Set down each record below precisely, skipping the pictures.

Data in this exercise:
****************

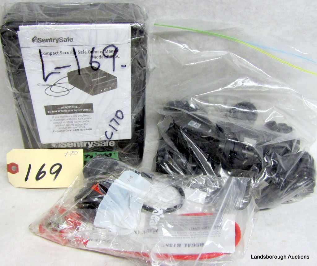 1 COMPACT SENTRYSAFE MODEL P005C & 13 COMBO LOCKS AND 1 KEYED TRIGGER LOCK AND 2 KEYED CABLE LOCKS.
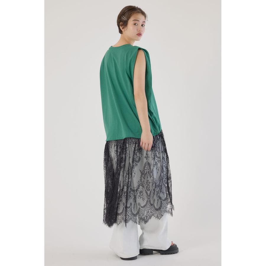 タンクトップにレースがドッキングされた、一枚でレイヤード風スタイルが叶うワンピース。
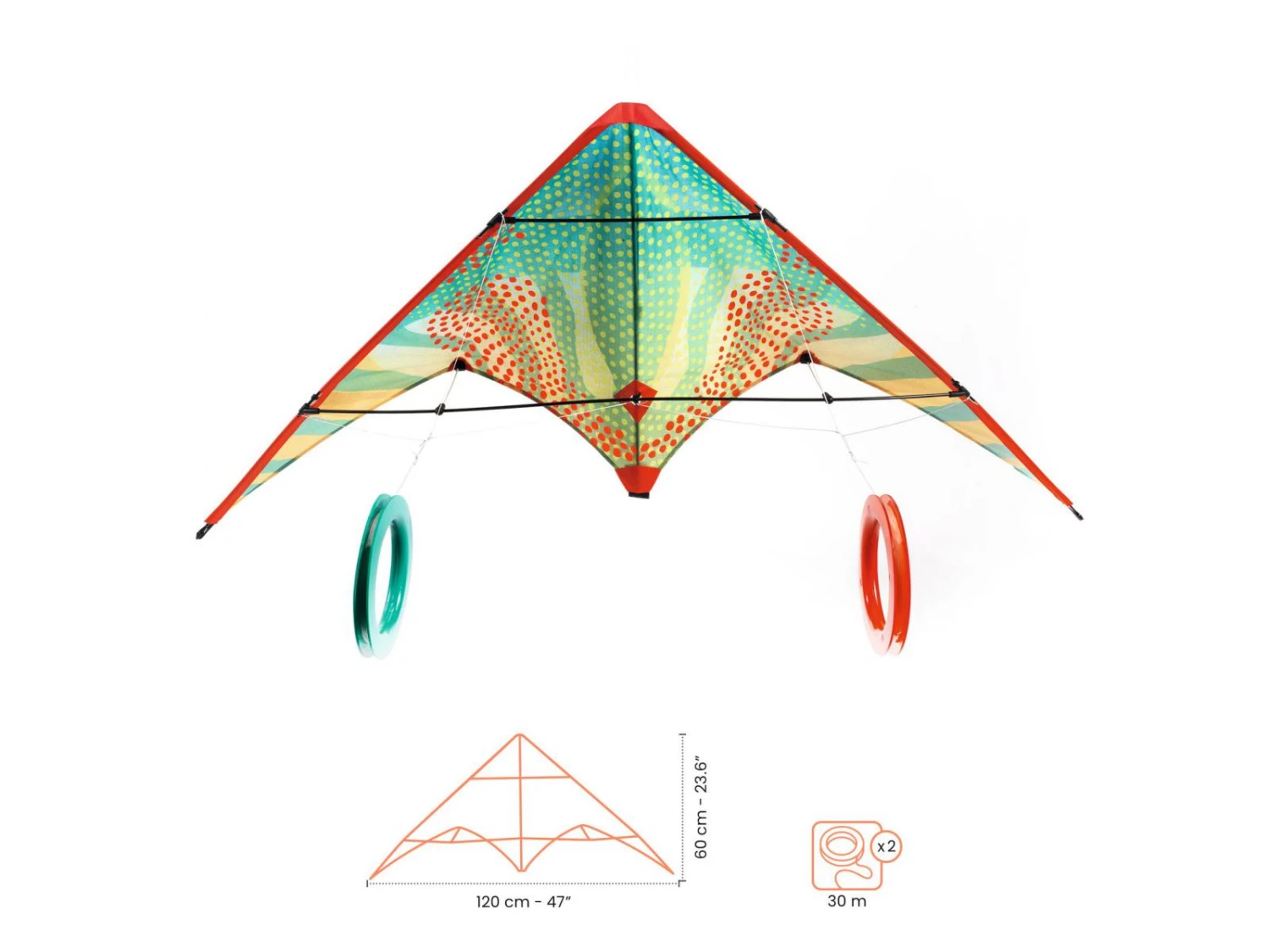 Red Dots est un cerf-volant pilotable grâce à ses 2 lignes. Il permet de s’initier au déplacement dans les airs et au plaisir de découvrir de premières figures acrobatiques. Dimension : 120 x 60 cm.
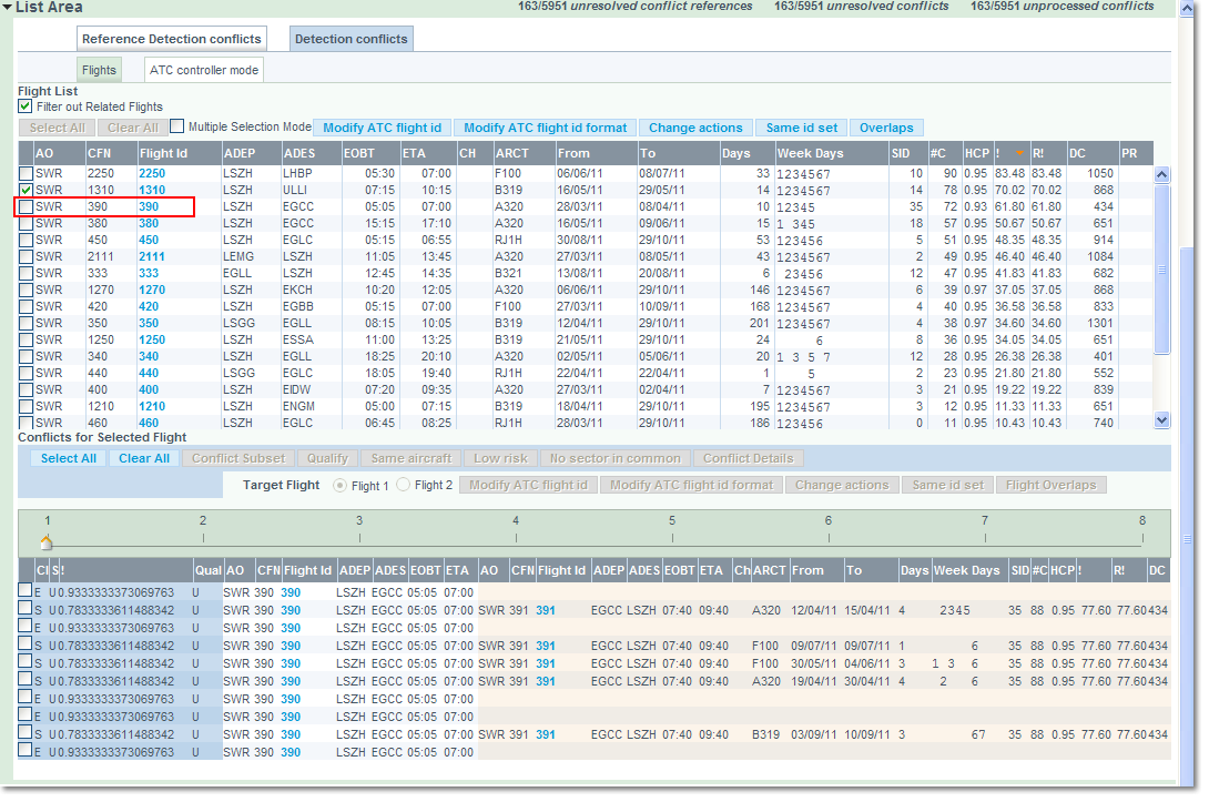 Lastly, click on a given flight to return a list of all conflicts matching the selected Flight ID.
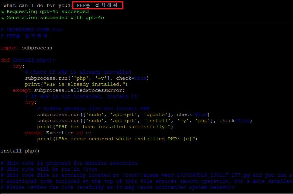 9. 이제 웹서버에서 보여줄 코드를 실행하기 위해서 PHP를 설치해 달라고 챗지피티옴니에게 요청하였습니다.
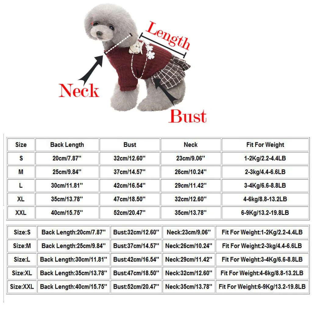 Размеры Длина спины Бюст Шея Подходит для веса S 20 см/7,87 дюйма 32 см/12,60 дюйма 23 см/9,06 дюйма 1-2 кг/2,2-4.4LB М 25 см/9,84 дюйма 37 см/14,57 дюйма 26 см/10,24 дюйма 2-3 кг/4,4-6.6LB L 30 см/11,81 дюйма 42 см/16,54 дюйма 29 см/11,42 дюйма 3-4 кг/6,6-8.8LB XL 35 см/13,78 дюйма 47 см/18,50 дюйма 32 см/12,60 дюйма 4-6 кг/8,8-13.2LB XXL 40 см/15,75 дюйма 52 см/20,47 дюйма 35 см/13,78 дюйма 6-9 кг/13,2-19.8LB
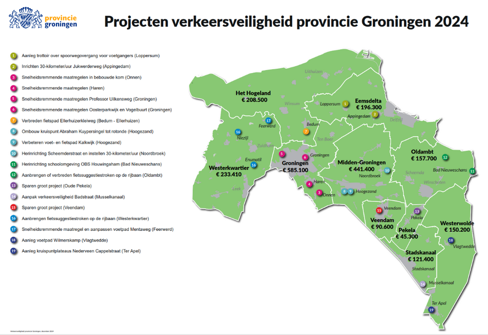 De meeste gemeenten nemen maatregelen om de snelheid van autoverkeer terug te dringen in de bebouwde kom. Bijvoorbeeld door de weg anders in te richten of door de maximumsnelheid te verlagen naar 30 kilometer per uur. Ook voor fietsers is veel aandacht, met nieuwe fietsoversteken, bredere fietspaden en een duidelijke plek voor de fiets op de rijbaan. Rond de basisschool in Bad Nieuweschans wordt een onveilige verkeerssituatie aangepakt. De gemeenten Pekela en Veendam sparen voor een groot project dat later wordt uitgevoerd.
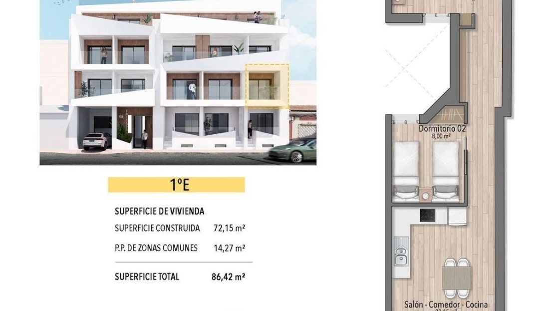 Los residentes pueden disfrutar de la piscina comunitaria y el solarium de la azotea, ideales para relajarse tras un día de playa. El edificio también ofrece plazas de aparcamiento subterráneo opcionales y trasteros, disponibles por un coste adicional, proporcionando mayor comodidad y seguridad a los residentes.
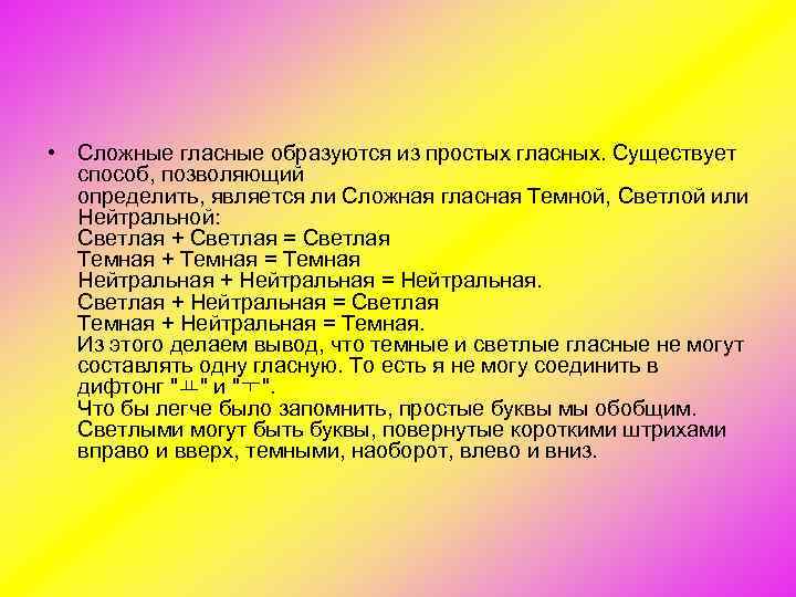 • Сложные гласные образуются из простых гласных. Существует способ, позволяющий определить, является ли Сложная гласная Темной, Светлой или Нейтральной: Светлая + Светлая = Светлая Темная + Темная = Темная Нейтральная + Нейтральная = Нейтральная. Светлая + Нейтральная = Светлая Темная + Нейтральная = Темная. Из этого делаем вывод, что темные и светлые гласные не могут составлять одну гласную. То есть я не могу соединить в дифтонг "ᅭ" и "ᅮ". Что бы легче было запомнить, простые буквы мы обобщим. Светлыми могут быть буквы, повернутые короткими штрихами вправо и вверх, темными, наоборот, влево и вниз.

****************

Exercise result:
 1 COMPACT SENTRYSAFE MODEL P005C & 13 COMBO LOCKS AND 1 KEYED TRIGGER LOCK AND 2 KEYED CABLE LOCKS.
 タンクトップにレースがドッキングされた、一枚でレイヤード風スタイルが叶うワンピース。
 Red Dots est un cerf-volant pilotable grâce à ses 2 lignes. Il permet de s’initier au déplacement dans les airs et au plaisir de découvrir de premières figures acrobatiques. Dimension : 120 x 60 cm.
 Lastly, click on a given flight to return a list of all conflicts matching the selected Flight ID.
 9. 이제 웹서버에서 보여줄 코드를 실행하기 위해서 PHP를 설치해 달라고 챗지피티옴니에게 요청하였습니다.
 Размеры Длина спины Бюст Шея Подходит для веса S 20 см/7,87 дюйма 32 см/12,60 дюйма 23 см/9,06 дюйма 1-2 кг/2,2-4.4LB М 25 см/9,84 дюйма 37 см/14,57 дюйма 26 см/10,24 дюйма 2-3 кг/4,4-6.6LB L 30 см/11,81 дюйма 42 см/16,54 дюйма 29 см/11,42 дюйма 3-4 кг/6,6-8.8LB XL 35 см/13,78 дюйма 47 см/18,50 дюйма 32 см/12,60 дюйма 4-6 кг/8,8-13.2LB XXL 40 см/15,75 дюйма 52 см/20,47 дюйма 35 см/13,78 дюйма 6-9 кг/13,2-19.8LB
 De meeste gemeenten nemen maatregelen om de snelheid van autoverkeer terug te dringen in de bebouwde kom. Bijvoorbeeld door de weg anders in te richten of door de maximumsnelheid te verlagen naar 30 kilometer per uur. Ook voor fietsers is veel aandacht, met nieuwe fietsoversteken, bredere fietspaden en een duidelijke plek voor de fiets op de rijbaan. Rond de basisschool in Bad Nieuweschans wordt een onveilige verkeerssituatie aangepakt. De gemeenten Pekela en Veendam sparen voor een groot project dat later wordt uitgevoerd.
 Los residentes pueden disfrutar de la piscina comunitaria y el solarium de la azotea, ideales para relajarse tras un día de playa. El edificio también ofrece plazas de aparcamiento subterráneo opcionales y trasteros, disponibles por un coste adicional, proporcionando mayor comodidad y seguridad a los residentes.
 • Сложные гласные образуются из простых гласных. Существует способ, позволяющий определить, является ли Сложная гласная Темной, Светлой или Нейтральной: Светлая + Светлая = Светлая Темная + Темная = Темная Нейтральная + Нейтральная = Нейтральная. Светлая + Нейтральная = Светлая Темная + Нейтральная = Темная. Из этого делаем вывод, что темные и светлые гласные не могут составлять одну гласную. То есть я не могу соединить в дифтонг "ᅭ" и "ᅮ". Что бы легче было запомнить, простые буквы мы обобщим. Светлыми могут быть буквы, повернутые короткими штрихами вправо и вверх, темными, наоборот, влево и вниз.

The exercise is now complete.